Orozco apagó la luz. Poco después oyeron cómo el coche se ponía en marcha, el ruido de la cancela y el zumbido del motor alejándose. De nuevo reinó el silencio y durante unos segundos los muchachos no se atrevieron a moverse. Daniel dijo en voz muy baja:

-Este tío esta complicado en el asunto.
-De eso no hay duda, y además está asustado.
-¿Qué hacemos ahora?
-Podemos hacer dos cosas. Volver por donde hemos venido o jugárnosla.

Y al tiempo Jaime señalaba una puerta entreabierta en la cerca que les franqueaba el acceso al chalet. Daniel contuvo la respiración.
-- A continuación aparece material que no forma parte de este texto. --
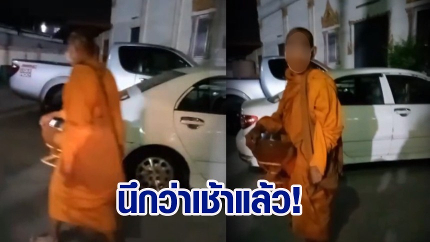 เขินเลยหนึ่ง! หลวงลุงสะดุ้งตื่นออกบิณฑบาต 3 ทุ่ม เจอเด็กวัดทักรีบกลับหลังหันเข้ากุฎิอย่างเร็ว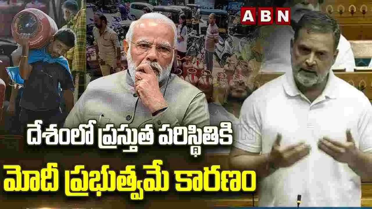 ఇరాన్, అమెరికా - ఇజ్రాయిల్ యుద్ధం నేపథ్యంలో గ్యాస్ కొరతతో భారతదేశం అల్లాడుతోందని లోక్సభలో ప్రతిపక్ష నేత రాహుల్ గాంధీ ఆవేదన వ్యక్తం చేశారు. దేశంలో ప్రస్తుత పరిస్థితికి మోదీ ప్రభుత్వమే కారణమని ఆయన విమర్శించారు.

-Me gustaría echar una ojeada dentro -dijo Jaime.
-De acuerdo. Tengo una linterna.

Penetraron en el jardín con infinitas precauciones. Jaime se encaramó con facilidad al alféizar de la ventana y tendió una mano a su amigo. Ya en el interior, Daniel paseó el estrecho haz de luz de su linterna por la habitación. Parecía ser un despacho o un cuarto de trabajo. En una mesa se amontonaban planos y dibujos; en las paredes había fotografías de edificios y una gran variedad de máscaras y carátulas que, a la incierta luz de la linterna, resultaban siniestras. Jaime revolvió los papeles de la mesa con mano insegura e intentó abrir sin éxito un archivador; en un cajón de la mesa encontró útiles de dibujo y en otro una carpeta con facturas. Daniel por su parte inspeccionaba las estanterías. No sabían lo que buscaban, confiaban en que algo resultase significativo. De pronto el teléfono volvió a sonar con un estruendo de mil diablos. Se movieron sin ponerse de acuerdo. Fue Daniel el primero en reaccionar y el primero que, con insospechada celeridad, alcanzó la ventana y saltó al exterior. Jaime le siguió a corto trecho. El teléfono seguía sonando y temieron que alertara a todo el vecindario. Abandonada toda prudencia corrieron por el pasadizo y aceleraron la marcha hasta llegar al coche. Daniel arrancó con brusquedad y se alejó echando humo hacia Madrid. Cuando rodaban por la autopista, Daniel aminoró la velocidad.

-Joder, qué susto.
-Mira esto. Lo he cogido dentro.- Jaime le mostraba a su amigo un objeto rectangular.
-¿Qué es?
-Tal vez nada. Es una casete, una grabación de conciertos para oboe de Albinoni. Pero hay algo interesante. Aquí dice: "Grabación especial para Amigos de la Música Barroca".